Внезапно он заметил накидку, лежавшую на снегу всего в нескольких шагах от него. Очевидно, кто-то из солдат потерял часть одежды, поскользнувшись ранее на повороте. Вака решил сходить за этой вещью, чтобы обмотать ее вокруг шеи или позже отдать какому-нибудь бедолаге. Он сделал шаг и тут же понял, что совершил ошибку. Вторая нога выскользнула из-под него, словно ее подбил большой снежный ком. Он упал на распростертые руки и заскользил на ягодицах и пятках — сначала медленно, упираясь в наст всеми пятью точками. Имко царапал пальцами лед. Он сучил ногами, стараясь найти опору. Но его тело скользило все быстрее. Он представил себя легким, как воздух. Он попытался поднять себя силой разума. Когда это не сработало, Имко перевернулся на живот и раскинул руки в стороны, словно хотел обнять весь склон. Он чувствовал каждую трещинку под собой. Он видел вмерзшие травинки и трещинки на льду. В любой момент твердая поверхность могла уйти из-под тела. Он закричал от гнева и страха — прямо в лед. Его рот находился в такой близости от наста, что он мог впиться в него зубами. Однако даже в этот критический миг он не посмел рисковать зубами. Они были одной из лучших деталей его лица.

Трудно было сказать, почему он остановился. Имко понял это только тогда, когда его крик стал единственным звуком в безмолвном мире. Двое солдат, которые споткнулись на повороте, смотрели на него с расстояния трех шагов. Он проехал на льду до самого обрыва. Пропасть зияла прямо за его ногами. Он взглянул на мужчин и покачал головой, выражая этим жестом всю глубину своих чувств. Затем он встал и медленно двинулся дальше. Имко больше не хотел возвращаться за брошенной накидкой.

Третий день оказался самым худшим. Когда стон отчаяния и гнева прокатился по колонне, у него появилось недоброе предчувствие. Оказалось, что горный обвал перегородил дорогу на нижнем ярусе. Почти отвесный обрыв не предпо лагал путей обхода. Им следовало очистить тропу от завалов.
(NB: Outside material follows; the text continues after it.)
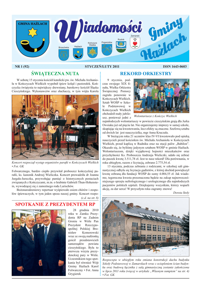 Wiadomości Gminy Hażlach, styczeń/luty 2011 NR 1 (92) 1 STYCZEŃ/LUTY 2011 ISSN 1643-0603 ŚWIĄTECZNA NUTA REKORD ORKIESTRY W sobotę 15 stycznia kościół katolicki pw. św. Michała Archanioła w Kończycach Wielkich wypełnił śpiew kolęd i pastorałek. Kończycka świątynia to największy drewniany, barokowy kościół Śląska Cieszyńskiego. Wykonawców oraz słuchaczy, w tym wójta Karola 9 stycznia, podczas swojego XIX finału, Wielka Orkiestra Świątecznej Pomocy zagrała ponownie w Kończycach Wielkich. Sztab WOŚP w Szkole Podstawowej w Kończycach Wielkich obchodził mały jubileusz, ponieważ jedni z Wolontariusze z Kończyc Wielkich najmłodszych wolontariuszy w powiecie cieszyńskim grają dla Jurka Owsiaka już od pięciu lat. Nie organizujemy imprezy w samej szkole, skupiając się na kwestowaniu, lecz efekty są znaczne. Szefową sztabu od dwóch lat jest nauczycielka, mgr Anna Kruczała. W bieżącym roku 21 uczniów klas IV-VI kwestowało pod opieką nauczycieli przed kościołem św. Michała Archanioła w Kończycach Wielkich, przed kaplicą w Rudniku oraz na stacji paliw „Babilon”. Okazało się, że byliśmy jedynym sztabem WOŚP w gminie Hażlach. Wolontariuszom, dzięki wyjątkowej hojności mieszkańców oraz przychylności Ks. Proboszcza Andrzeja Wieliczki, udało się zebrać do puszek kwotę 3.511,78 zł. Jest to nasz rekord! Dla porównania, w roku ubiegłym, razem z licytacją, zebrano 2.775,54 zł. 13 stycznia, podczas zebrania z rodzicami, w szkolnej sali gimnastycznej odbyła się licytacja gadżetów, z której dochód powiększył kwotę zebraną dla fundacji WOŚP do sumy 4.004,55 zł. Jak wiadomo, tegoroczna kwesta przeznaczona będzie na zakup najnowocześniejszego sprzętu nefrologicznego i urologicznego dla najmłodszych pacjentów polskich szpitali. Dziękujemy wszystkim, którzy wsparli akcję, za dar serca! W przyszłym roku zagramy znowu! Dorota Stoły Koncert rozpoczął występ organistów parafii w Kończycach Wielkich • Fot. GK Folwarcznego, bardzo ciepło przywitał proboszcz kończyckiej parafii, ks. kanonik Andrzej Wieliczka. Koncert prowadziła dr Joanna Jurgała-Jureczka, przywołując pamięć o historycznych postaciach związanych z Kończycami, m.in. o hrabinie Gabrieli Thun-Hohenstein, wywodzącej się z zamożnego rodu Larischów. Bożonarodzeniowy repertuar wyśpiewało osiem chórów i zespołów śpiewaczych, w tym jeden spoza naszej gminy. Koncert rozpo(c.d. na str. 8) SPOTKANIE Z PREZYDENTEM RP 28 grudnia 2010 roku w Zamku Prezydenta RP na Zadnim Groniu w Wiśle Pan Prezydent Rzeczypospolitej Polskiej Bronisław Komorowski wraz ze swoją małżonką gościł przedstawicieli samorządów powiatu cieszyńskiego. Była to pierwsza wizyta prezydenckiej pary w Wiśle. Uczestnikiem tego spotkania był również Wójt Gminy Hażlach Karol Folwarczny • Fot. Anna Grygierek Rozpoczęta w ubiegłym roku zmiana konstrukcji dachu budynku Szkoły Podstawowej w Zamarskach wraz z ociepleniem ścian budynku oraz budową łącznika z salą gimnastyczną zostanie zakończona w lipcu 2011 roku (więcej w artykule „Własnym sumptem” na str. 4) • Fot. GK 2 Wiadomości Gminy Hażlach, styczeń/luty 2011 Projekt współfinansowany przez Unię Europejską w ramach Europejskiego Funduszu Społecznego „ANGIELSKI – NASZA PRZYSZŁOŚĆ” Od 7 kwietnia 2010 roku Gmina Hażlach realizuje projekt pn. „Angielski - nasza przyszłość”, współfinansowany ze środków Unii Europejskiej w ramach Działania 7.3 „Inicjatywy lokalne na rzecz aktywnej integracji” Priorytetu VII „Promocja integracji społecznej” Programu Operacyjnego Kapitał Ludzki Europejskiego Funduszu Społecznego. Projekt jest adresowany do mieszkańców gminy powyżej 30 roku życia, na których czekają darmowe kursy z podstaw języka angielskiego. Projekt współfinansowany przez Unię Europejską w ramach Europejskiego Funduszu Społecznego „Z KOMPUTEREM NA TY” Gmina Hażlach realizuje projekt pn. „Z komputerem na Ty”, współfinansowany ze środków Unii Europejskiej w ramach Działania 9.5 „Oddolne inicjatywy edukacyjne na obszarach wiejskich” Priorytetu IX „Rozwój wykształcenia i kompetencji w regionach” Programu Operacyjnego Kapitał Ludzki Europejskiego Funduszu Społecznego. Projekt, rozpoczęty 25 marca 2010 r., był adresowany do mieszkańców gminy powyżej 30 roku życia, na których czekały darmowe kursy z podstaw obsługi komputera, internetu i poczty elektronicznej. Początek kolejnych zajęć w lokalu GCI w Hażlachu • Fot. GK Ostatnia grupa z Hażlacha z certyfikatami ukończenia kursu • Fot. GK Zajęcia odbywają się w grupach 6-osobowych w lokalu Gminnego Centrum Informacji w Hażlachu. W 2010 roku naukę ukończyły trzy grupy i certyfikaty ukończenia kursu odebrało 18 uczestników. Obecnie trwają zajęcia czwartej i piątej grupy. 14 marca do nauki przystąpi ostatnia, szósta grupa. Jej zajęcia zakończą się 25 maja 2011 roku. GK Zajęcia odbywały się w grupach 10-osobowych w Szkole Podstawowej w Pogwizdowie (dwie grupy) oraz w lokalu Gminnego Centrum Informacji w Hażlachu (trzy grupy). Ostatnie zajęcia zakończyły się 15 lutego 2011 roku. Certyfikaty ukończenia kursu odebrało łącznie 50 osób. GK NARADA W KYJOVIE SPOTKANIE W URZĘDZIE W dniach 12-13 stycznia w Kyjovie na południowych Morawach odbyło się 19 wyjazdowe posiedzenie przedstawicieli samorządów lokalnych Euroregionu Śląsk Cieszyński – Těšinske Slezsko. Uczestniczyli w nim także członkowie władz Gminy Hażlach: wójt Karol Folwarczny Na zdjęciu (od lewej): przewodnicząca Rady oraz przewodnicząca Gminy Grażyna Krehut oraz wójt Karol Fol- Rady Gminy Grażyna warczny • Fot. Edward Kutyła Krehut. Przypomnijmy, że Euroregion to obszar współpracy przygranicznej, który działa na rzecz realizacji interesów miast i gmin, stowarzyszeń oraz osób fizycznych. GK 28 stycznia w sali sesyjnej Urzędu Gminy Hażlach

Это нелегкое дело осложнялось тем, что множество камней, смешанных со льдом и снегом, нельзя было сдвинуть с места даже с помощью слонов. Большие валуны нужно было как-то расколоть на куски. Икакой-то галл, в чьем опыте Имко сильно сомневался, предложил развести рядом с ними большие костры, чтобы камни раскалились докрасна. Затем их, якобы, нужно было облить водой или уксусом. Перепад температуры, утверждал этот тип, расколет камни и сделает их подвижными. Сомнительный рецепт.

Имко целый день срубал деревья и перетаскивал их по сугробам к кострам. Это была трудная работа — такая же опасная, как сражение с варварами. Увязая в снегу по пояс, он рубил неподатливую древесину, которая наносила топору больший ущерб, чем получала сама. Имко даже заплакал. Он не испытывал страха. Он больше ничего не боялся. Слезы текли из-за печали, усталости и гнева. Он так долго жил с этими эмоциями, что они стали частью его бытия.

Или, возможно, слезы были вызваны воспоминаниями о детстве, когда его считали не воином, а ребенком; когда рядом с ним находилась мать — та женщина, которая шлепала Имко по ягодицам, вытирала ему рот, заботилась о нем во время болезней, кормила хлебом, смоченном в оливковом масле. Вся его жизнь превратилась в трагедию — такую большую и непоправимую, что он даже не обрадовался, когда среди дыма и огня огромная глыба взорвалась и разлетелась на мелкие осколки. Подумаешь, какая глупость, подумал он. Валун, расколотый на части. Опять идти. И снова холод. Разве это можно было сравнить с объятиями женщины, породившей его? Похоже, все вокруг сошли с ума, как и их командир.